**Task material**
───
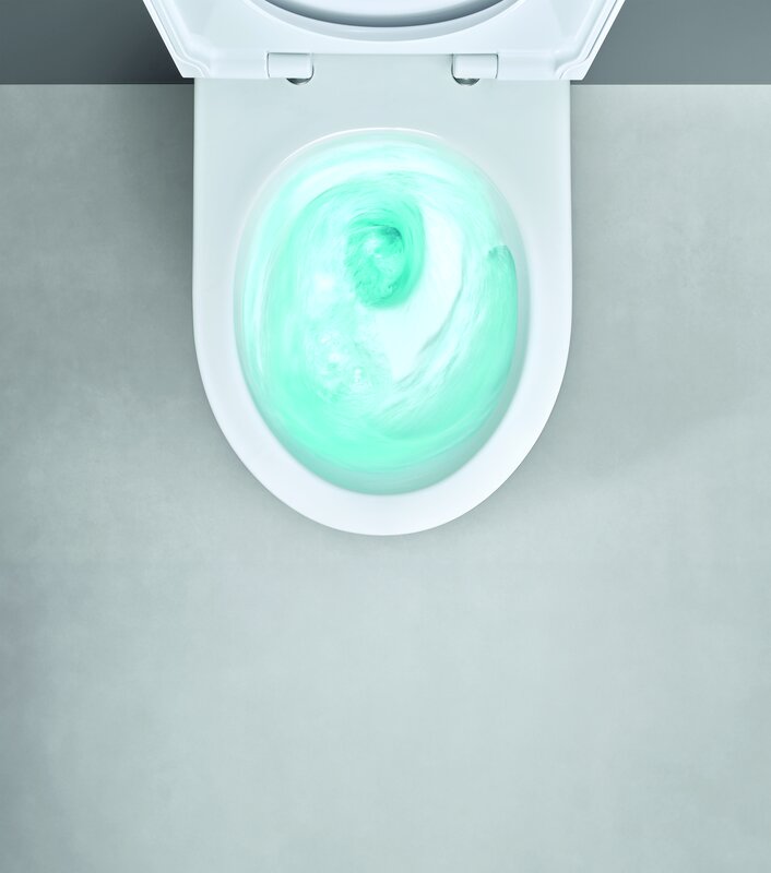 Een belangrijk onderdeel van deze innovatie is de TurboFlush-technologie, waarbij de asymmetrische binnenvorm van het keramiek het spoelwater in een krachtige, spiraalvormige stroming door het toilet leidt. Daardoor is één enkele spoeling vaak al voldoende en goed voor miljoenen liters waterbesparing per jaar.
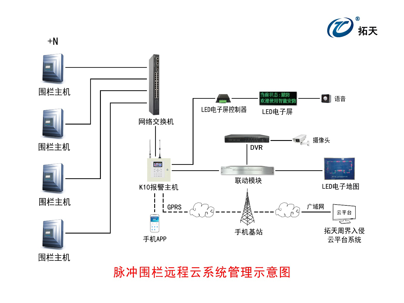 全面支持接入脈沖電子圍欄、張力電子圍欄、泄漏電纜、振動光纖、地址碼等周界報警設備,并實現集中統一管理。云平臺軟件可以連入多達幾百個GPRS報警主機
───
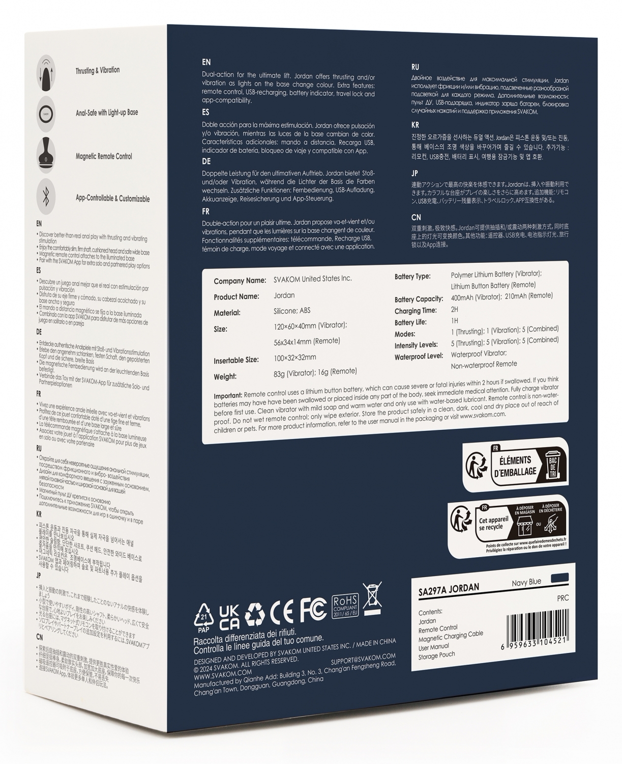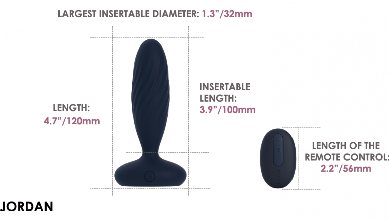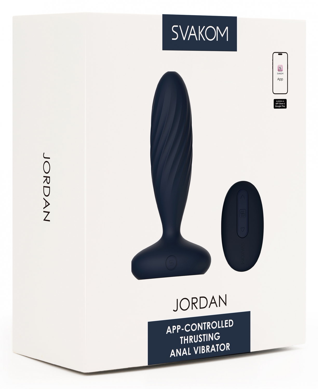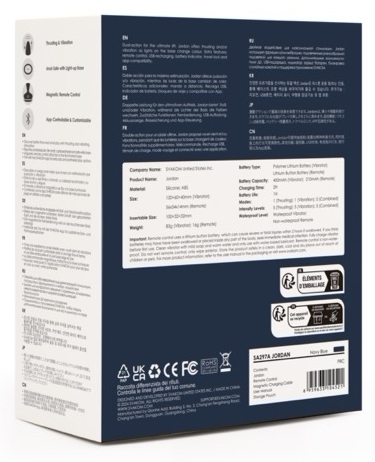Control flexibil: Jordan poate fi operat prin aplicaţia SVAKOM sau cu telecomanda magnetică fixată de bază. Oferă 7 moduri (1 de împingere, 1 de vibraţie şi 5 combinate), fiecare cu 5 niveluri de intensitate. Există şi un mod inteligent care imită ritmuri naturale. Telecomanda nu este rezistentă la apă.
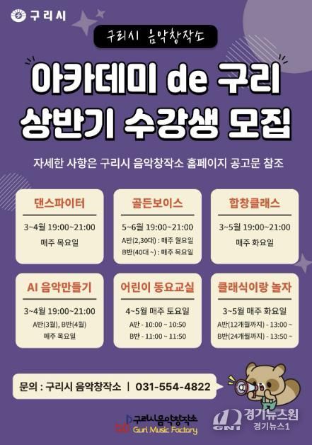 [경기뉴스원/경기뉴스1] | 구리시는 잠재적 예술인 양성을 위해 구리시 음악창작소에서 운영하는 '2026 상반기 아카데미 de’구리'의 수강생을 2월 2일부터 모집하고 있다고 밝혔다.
───
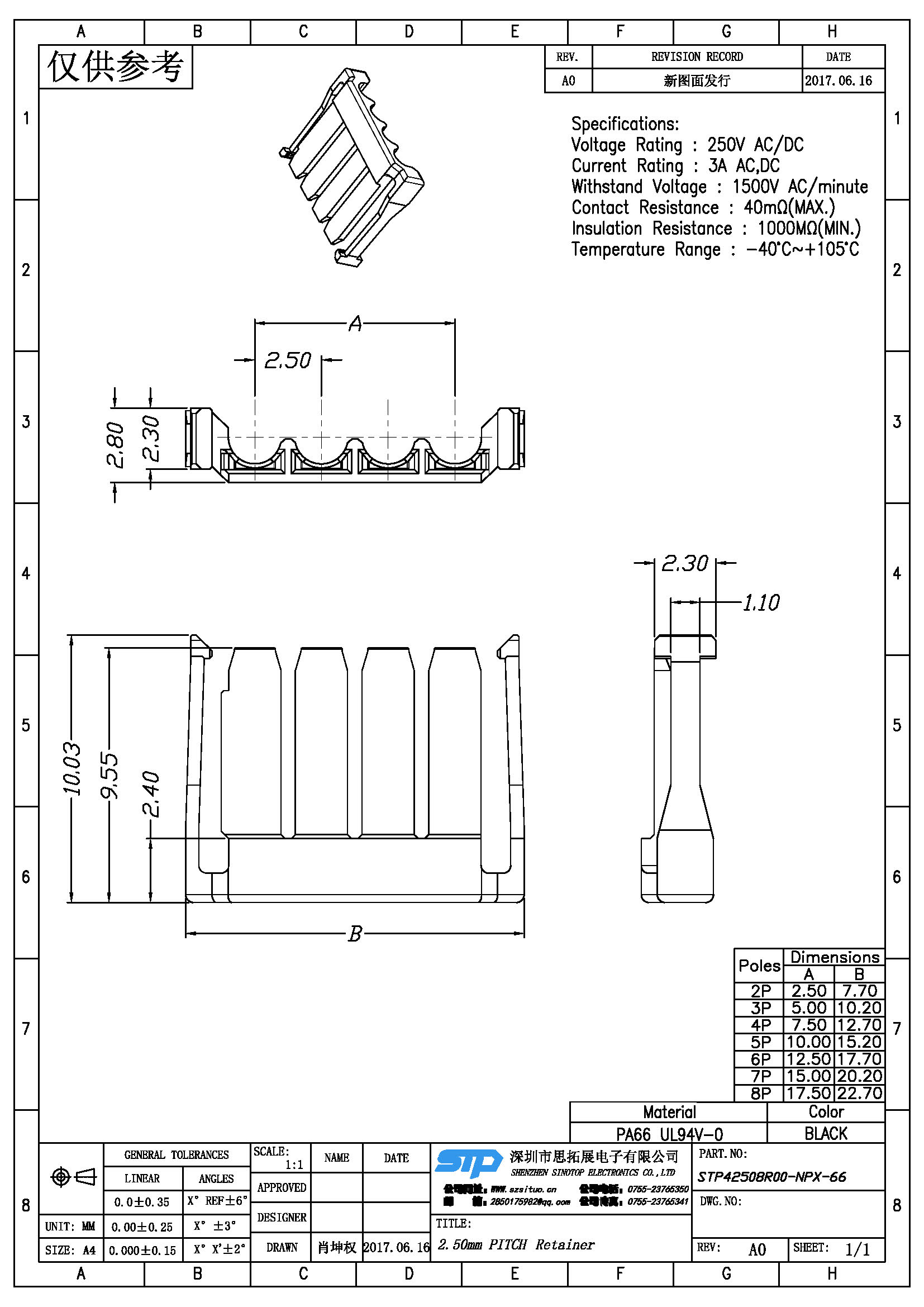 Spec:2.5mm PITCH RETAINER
───
Within the data above, repeat exactly the lines from the one bearing "Een belangrijk onderdeel" through the one bearing "全面支持接入脈沖電子圍欄、張". Include no pictures and nothing else.

**Result for this task**
 Een belangrijk onderdeel van deze innovatie is de TurboFlush-technologie, waarbij de asymmetrische binnenvorm van het keramiek het spoelwater in een krachtige, spiraalvormige stroming door het toilet leidt. Daardoor is één enkele spoeling vaak al voldoende en goed voor miljoenen liters waterbesparing per jaar.
 全面支持接入脈沖電子圍欄、張力電子圍欄、泄漏電纜、振動光纖、地址碼等周界報警設備,并實現集中統一管理。云平臺軟件可以連入多達幾百個GPRS報警主機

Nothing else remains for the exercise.